Бибул не знал, кого ненавидит больше — себя или Гая Юлия Цезаря, человека, обладающего всем.

С улицы доносились взрывы хохота, слишком интригующие, чтобы Бибул мог противостоять искушению. Он тихо прокрался к двери, встал сбоку и украдкой выглянул. Там стояли шестеро его товарищей трибунов, держась за животы от смеха, а человек, у которого было все, садился верхом на мула! Что он говорил при этом, Бибул не слышал. Но он знал, что слова были остроумные, смешные, очаровательные, неотразимые, обворожительные, интересные, идеально подобранные, способные воздействовать на слушателей.

— Ну, — сказал он себе, тихонько направляясь в свою комнату, — от этой блохи он никогда, никогда, никогда не избавится!

* * *

С приходом зимы в осаде Митилены наступила та фаза, когда осаждающие просто сидят и ждут, когда осажденные начнут голодать. А Луций Лициний Лукулл нашел наконец время написать письмо своему обожаемому Сулле.

Надеюсь, все это кончится весной благодаря крайне удивительному обстоятельству, о котором я напишу ниже. Во-первых, я бы хотел, чтобы ты оказал мне любезность. Если мне удастся закончить дела весной, можно ли мне вернуться домой? Прошло уже очень много времени, дорогой Луций Корнелий, и мне очень хочется снова увидеть Рим, не говоря уж о тебе. Мой брат Варрон Лукулл теперь достиг нужного возраста и набрался опыта, чтобы стать курульным эдилом, и я хотел бы разделить с ним эту должность. Больше нет должности, которую могут делить два брата. Подумай об играх, которые мы будем устраивать!

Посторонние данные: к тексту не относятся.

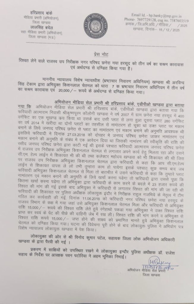 खंडवा। रिश्वत लेने के मामले में दोषी पाए गए नगर परिषद छनेरा के तत्कालीन राजस्व उप निरीक्षक किशनलाल चेतनमल को न्यायालय ने तीन वर्ष के सश्रम कारावास एवं ₹20 हजार के अर्थदंड से दंडित किया है। यह फैसला भ्रष्टाचार निवारण अधिनियम के तहत विशेष न्यायालय (लोकायुक्त) खंडवा द्वारा सुनाया गया।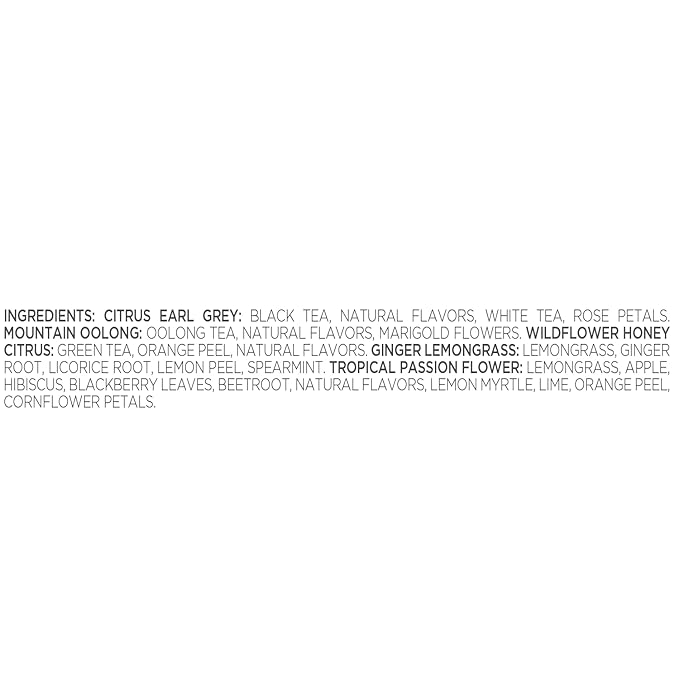 • TEA BLENDS - In this collection are crafted to evoke a sense of tropical tranquility and include: Citrus Earl Grey (Black tea), Mountain Oolong (Oolong Tea), Wildflower Honey Citrus (Green tea), Ginger Lemongrass (Herbal tea), and Tropical Passion Flower (Herbal Tea).

Не говоря уже об удовольствии совместной работы плечом к плечу. Мне тридцать восемь, моему брату тридцать шесть — преторский возраст, но мы еще не были эдилами. Наше имя требует, чтобы мы стали эдилами. Пожалуйста, предоставь нам эту должность, а потом разреши мне при первой возможности стать претором. Но если ты считаешь, что моя просьба неблагоразумна или я этого не заслуживаю, я, конечно, пойму.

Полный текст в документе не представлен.